Yes, I admit it bothers me, too - I hope it really was an early build used to avoid spoilers, and that more options will be available in the full game, but I doubt we will see choices from DA:O and DA2.
Iirc Epler said the focus will be on northern Thedas, and consequently choices from the two earlier games won't be addressed. I can understand this tbh - after all, I doubt Tevinter, Rivain, or the Veil Jumpers in Arlathan would discuss or even care about the ruler of far, rustic Ferelden.
Divine Victoria can simply be mentioned with her title, and since mages and magic are seen in a different way in northern Thedas compared to the south, it makes sense for them not to mention the fate of the Circles in Ferelden and Orlais. And considering there are two crazy elven "gods" wreaking havoc and corrupting the land, I doubt Rook, Antaam-occupied Antiva, and Weisshaupt have the time to pay attention to these "distant" things (even though I WAS expecting one of the available choices to be about the Wardens, since the Inquisitor can choose to exile them to Weisshaupt).

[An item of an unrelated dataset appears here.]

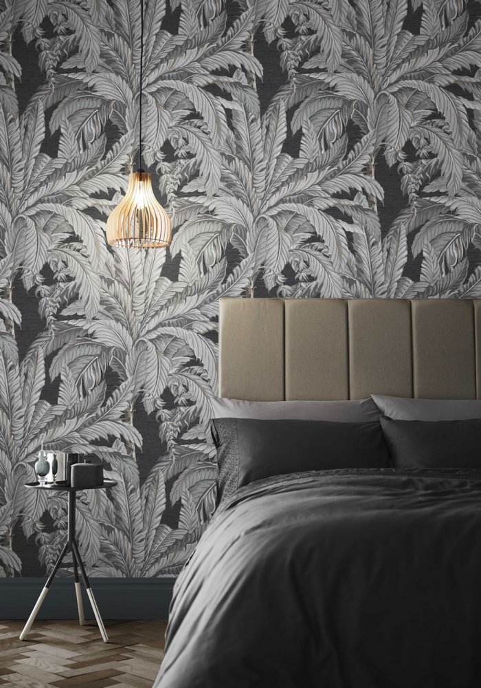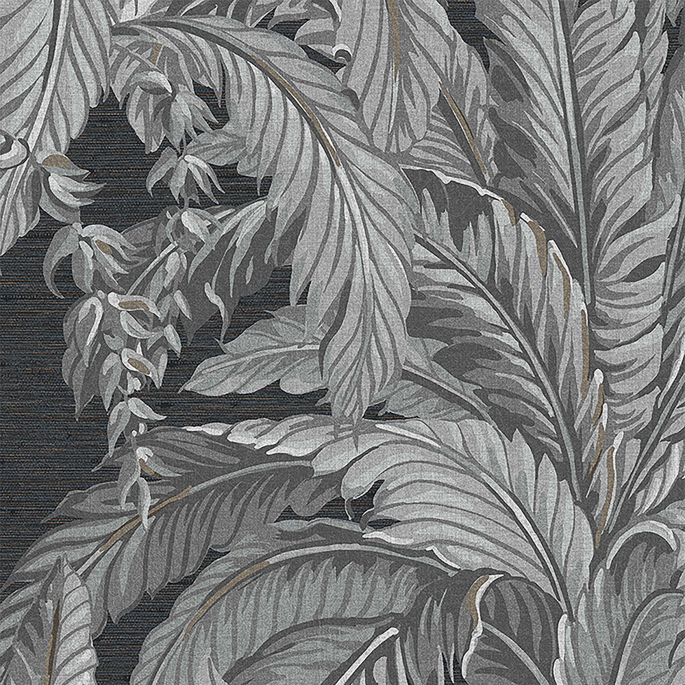 Non-woven wallpaper with a motif of large gray palm leaves on a dark gray background.

Speaking of Varric and Hawke, yeah, I have no idea how that will be addressed. Twelve years have passed since someone was left in the Fade, and it's pretty much confirmed that this person is dead and won't come back at this point, despite all the fans' funny pictures of Hawke coming out of a Fade rift we saw over the years. So, if Hawke was left in the Fade, Varric would have no reason to mention them, since they are long dead and there are much more "important" things to focus on at the moment.

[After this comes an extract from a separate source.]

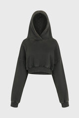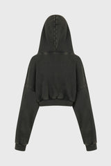 Cropped Heavy Hood Hoodie from Entire Studios, with heavy enzyme wash, waist pouch pocket.

If they're alive... we know that Hawke goes to Weisshaupt after the events of Inquisition, but again, many years have passed since then, so they probably went there to check, saw that things were weirdly quiet, and went back home, their mission concluded. No way they remained in the Anderfels for more than ten years - so even in this case, Varric would have little reason to mention them.
No matter how the devs try to spin this, it can't denied that the events of Veilguard wouldn't exist without Inquisition's. It's basically a direct sequel, even though Bioware is clearly doing their damnest to try and lure in new players unfamiliar with the series, doing everything they can not to scare them off with too many unfamiliar references and characters.
It stands to reason that the events of Inquisition are those that should majorly affect Veilguard's, but it's really odd how simply one (!) choice from the main game and two from its Trespasser DLC are offered.
The biggest concern is the Well of Sorrows - both Morrigan and the Inquisitor are in the game, so how is the game going to address that event? Will it be completely ignored, like a soft-reboot? Will they force Morrigan to be the canon choice no matter our world state?
Or maybe the Inquisitor won't have a very big role (and there's the problem of their personality, too, which wasn't a "fixed" one like Hawke's) or maybe there's something about the Inquisitor's character creator Bioware is hiding/didn't share on purpose to surprise the fans.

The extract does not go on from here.